If there are string values, we convert them using train_cats().
Also, we apply the same categorical convertion to the validation set as the training set
using apply_cats().
'''
# train_cats(raw_train)
# apply_cats(raw_valid, raw_train)

' Since all values are numeric now, we do not have to convert them to categorical values.\nIf there are string values, we convert them using train_cats().\nAlso, we apply the same categorical convertion to the validation set as the training set\nusing apply_cats().\n'

In [12]:
# Copied from the old version of fastai (fastai.structured) 
# https://github.com/fastai/fastai/blob/master/old/fastai/structured.py
def numericalize(df, col, name, max_n_cat):
    ''' For values not numeric, convert it to corresponding categorical values + 1.abc
    e.g.
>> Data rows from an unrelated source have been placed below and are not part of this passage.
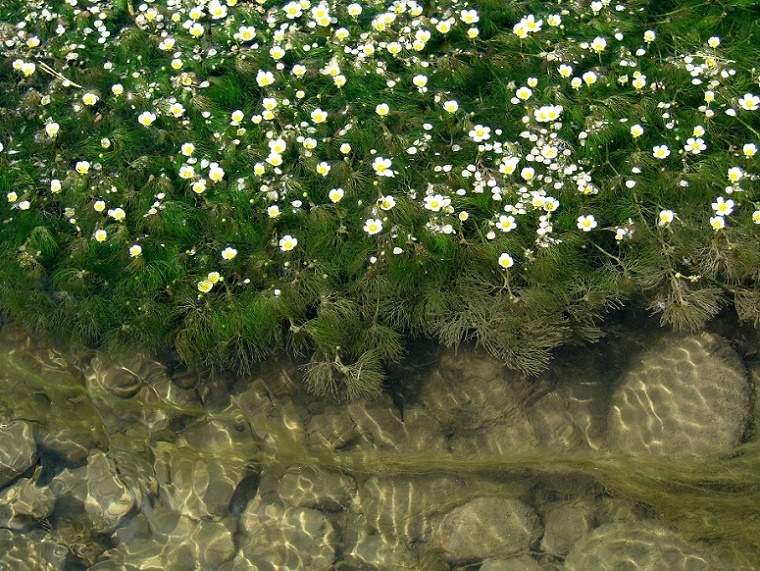 Побеги с цветками. Иркутская обл., Шелеховский р-н, окр. с. Шаманка, в русле р. Иркут, на мелководье. 08.07.2016.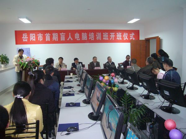 金秋岳阳,风光无限;美丽洞庭,魅力无穷。10月15日,为热烈庆祝第二十七个“国际盲人节”到来,在岳阳市残联和岳阳市劳动就业服务局的大力支持下,岳阳市残疾人劳动就业服务中心和岳阳市盲人协会联合举办的岳阳市首期盲人电脑培训班,在岳阳残疾人服务中心电脑培训基地举行开班仪式,岳阳市残联理事长侯定旺、岳阳市劳动就业服务局局长姜继辉、岳阳市残联副理事长向科军和岳阳市盲人协会名誉主席何炼炉出席仪式。岳阳市残联副调研员、市残疾人劳动就业服务中心主任巢向阳主持开班仪式。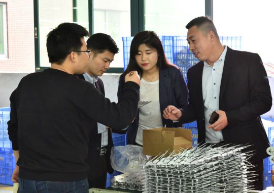 ▲ 華為海思、海令科技、暗能量電源高管參觀制造現(xiàn)場。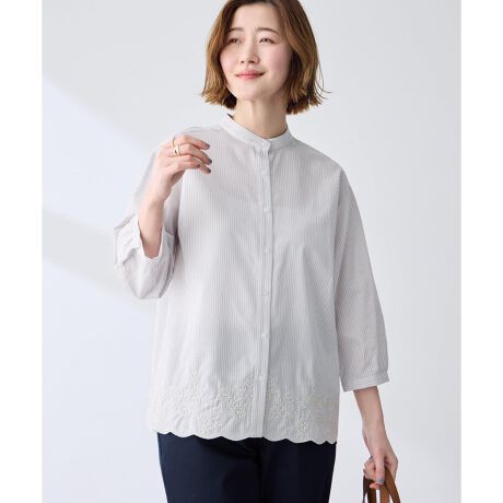 [型番:523295]さりげない甘さで、きれいめに繊細な表情のある素材が上品な印象を与えるブラウス。裾のスカラップデザインが、コーディネートにやわらかなアクセントを添えます。すっきりとしたシルエットで、きれいめにもカジュアルにも取り入れやすい一枚。カーディガンを羽織って季節の変わり目にも活躍します。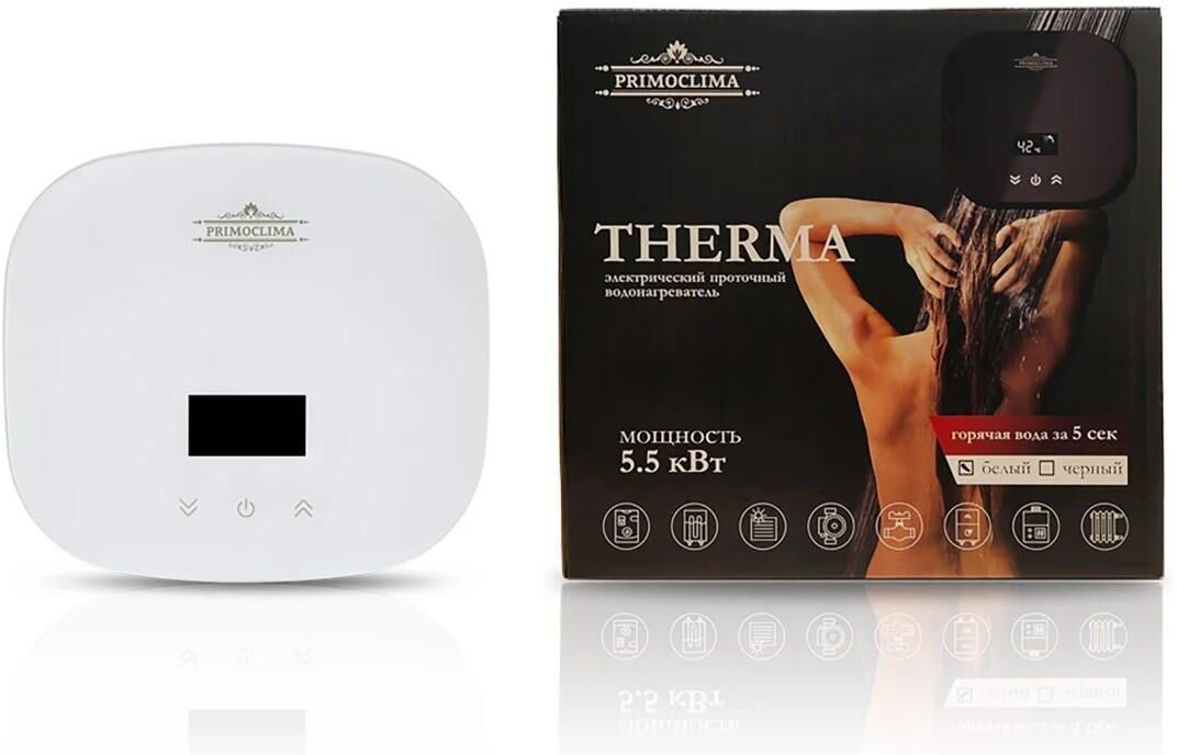 Технические характеристики Резьба для подключения воды 1/2 дюйма Мощность 5.5 кВт Напряжение сети 220(230) В Высота 230 мм Глубина 70 мм Ширина 250 мм Мах тем-ра нагрева воды 55 °С Управление сенсорное Самодиагностика да Цвет белый Защита от перегрева есть Производительность 5 л/мин Ограничение температуры нагрева есть Тип ТЭНа сухой Установка горизонтальная Способ крепления настенный Антизамерзание нет Форма прямоугольная Серия THERMA Габариты без упаковки 250х230х70 мм Вес нетто 3 кг Степень защиты от воды IPX4 IP Дисплей есть Индикация включения есть Способ подачи воды напорный Подводка нижняя

NaN values are not -1 but 0.'''
    
    if not is_numeric_dtype(col) and ( max_n_cat is None or len(col.cat.categories)>max_n_cat):
        df[name] = pd.Categorical(col).codes+1
    
    
def fix_missing(df, col, name, na_dict):
    if is_numeric_dtype(col):
        if pd.isnull(col).sum() or (name in na_dict):
            df[name+'_na'] = pd.isnull(col)
            filler = na_dict[name] if name in na_dict else col.median()
            df[name] = col.fillna(filler)
            na_dict[name] = filler
    return na_dict


def proc_df(df, y_fld=None, skip_flds=None, ignore_flds=None, do_scale=False, na_dict=None,
            preproc_fn=None, max_n_cat=None, subset=None, mapper=None):
    if not ignore_flds: ignore_flds=[]
    if not skip_flds: skip_flds=[]
    if subset: df = get_sample(df,subset)
    else: df = df.copy()
    ignored_flds = df.loc[:, ignore_flds]
    df.drop(ignore_flds, axis=1, inplace=True)
    if preproc_fn: preproc_fn(df)
    if y_fld is None: y = None
    else:
        if not is_numeric_dtype(df[y_fld]): df[y_fld] = pd.Categorical(df[y_fld]).codes
        y = df[y_fld].values
        skip_flds += [y_fld]
    df.drop(skip_flds, axis=1, inplace=True)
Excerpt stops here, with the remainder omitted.